Karma! Is she always a bitch? One would think that karma is always luring in the shadows just waiting for you to make a mistake or do something ‘’bad’’; and when you have done it, karma waits for the most ‘’appropriate’’ time to ‘get you back’ for what you did days/weeks/months/years ago. But is it that karma is always ‘’getting’’ us or does she do good deeds, too? While I always ascribe thoughts about karma to the Fortune Cookie School of Psychology, I often wondered, does a string of bad dates, bad relationships, bad friendships, bad sex, bad guys really equal one good one? And will treating someone badly in one relationship ensure that you will be treated badly in the next relationship? Does everything that goes around really come back around? And if so, will it come to bite you in the ass? — Is there such a thing as relationship karma?

Our Indian friends believe that karma is the concept of “action” or “deed”, understood as that which causes the entire cycle of cause and effect. According to the Hindu scholars, Karma is not punishment or retribution but simply an extended expression or consequence of natural acts. So, Karma means “deed” or “act” and more broadly names the universal principle of cause and effect [there goes my luck…LOL], action and reaction, that governs all life. The effects experienced are also able to be mitigated by actions [I wonder what could these ‘’actions’’ be….hmmmm mmm] and are not necessarily fated. That is to say, a particular action now [cheating on your boyfriend] is not binding to some particular, pre-determined future experience [being cheated on my your man] or reaction [he leaves you for someone else]; it is not a simple, one-to-one correspondence of reward or punishment. Karma is not fate, for humans act with free will creating their own destiny. According to the Vedas, if one sows goodness, one will reap goodness; if one sows evil, one will reap evil. Karma is the totality of our actions and their associated reactions in this and previous lives, all of which determines our future. The conquest of karma lies in intelligent action and dispassionate response.

 

So, with all this mobo-jumbo floating around in my head, I start to think of allllllllllllllllllll {it’s not that many…} my past relationships and how Karma has impacted them. Now, thanks to the Hindus I am getting some well sought after answers. Damn!

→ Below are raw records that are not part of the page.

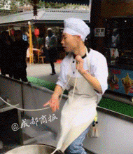 “火”了之后,黄龙溪也出现了许多模仿者,开始盛产“拉面哥”。而他们的灵感来源,都是从田波开始的。田波说,他发明的这个“舞步”,在全国都是首创,“现在全国的花式甩面都是跟着我学的。”
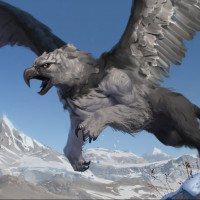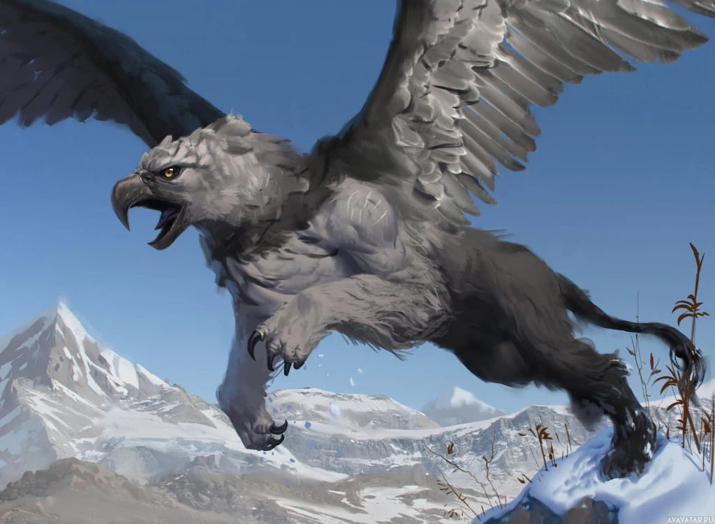 На картинке изображено фантастическое существо, известное как грифон, которое изображено с телом льва и головой орла. Грифон кажется величественным и мощным, парящим по горному ландшафту, запыленному снегом.
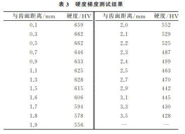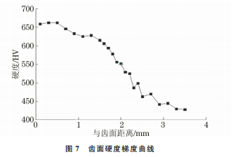 度,結(jié)果如表3所示,齒面硬度梯度曲線如圖7所
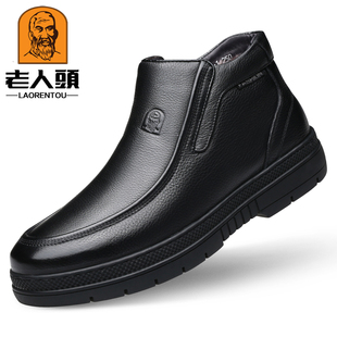 皮鞋 老人头棉鞋 中老年爸爸鞋 保暖羊皮毛一体高帮鞋 男真皮羊毛冬季
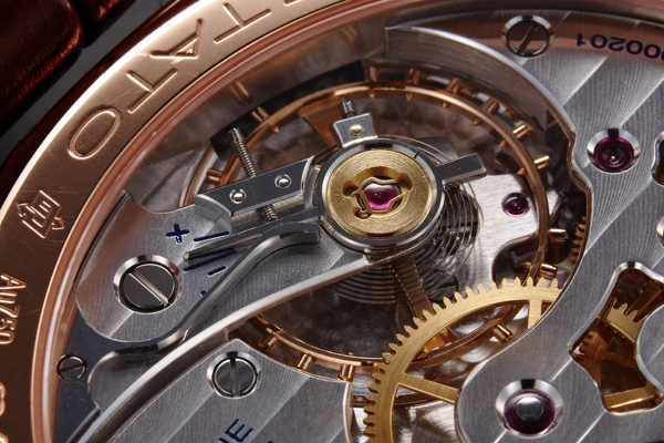 而機芯的機板與夾板經過細膩的修飾,分別施以魚鱗紋與日內瓦波紋,零件的邊緣皆以倒角拋光處理,展現精湛的工藝水準。而中央的夾板特別以局部鏤空設計,一絲不苟的打磨細節,也可從走時輪系與大小捲車齒輪上觀察到。而本枚機芯採用大型平衡螺絲擺輪與菲利浦曲線的雙層游絲,以及每小時18,000轉的振頻設計,具有濃厚的復古風格,反覆運轉的巧妙姿態,也是現代機芯上所少見的。擺輪夾板上方的鹅頸式微調裝置,不僅能精確調整時間快慢,同時完美呈現傳統機芯的視覺美感。
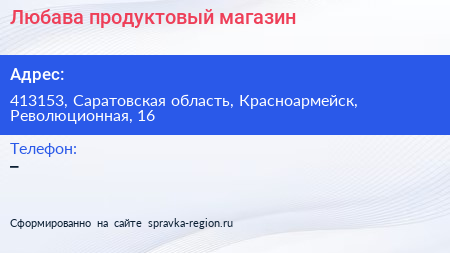 Любава, продуктовый магазин по адресу 413153, Саратовская область, Красноармейск, Революционная, 16 в дальнейшем Организация, размещена в следующих категориях:

Then, it is safe to assume that all the ass-holes I have dated and they have treated me badly, that was ALL my fault. Wasn’t it? Well, according to the Hindu guys, they were. If relationship Karma does exist, it would mean all my past failed relationships were in fact caused by some evil deed that I have done before and now Miss Karma is coming back to bite me at the most inappropriate time. So, the saying that Karma is such a bitch is so right!! And the Hindus have the ghoul to say that Karma is not punishment but a consequence of our natural acts. What could I have done to have made these guys treated me so badly? What could I have done to have been cheated on with my close friend? What could I have done to have been disrespected? Well, it must be something awful like wore white after Labor Day; autumn colors in spring; wore a two seasons old loafer to a party or had a cocktail before twelve noon. I just don’t get it!

But I think the Hindus realized that something was wrong with this theory, because they claim that Karma is not fated and one can do ‘’things’’ to mitigate the ‘’consequences’’ of Karma. I sit here and I wonder, what are they ‘’things’’ I needed to have done to mitigate the tons of times Karma took a big bite out of my ass? Should I have been more ‘’understanding’’? Should I have laid down even flatter while I allow him to walk all over me [in cheap shoes]? Or, maybe when he told me he was married and he introduced me as his ‘’English Teacher’’ I should have said, ‘’No, you are a liar. Speak the truth. We are fucking!’’ Who knows what I should have done. But, now I know that I need to be one step ahead of Miss Karma. She bites too hard!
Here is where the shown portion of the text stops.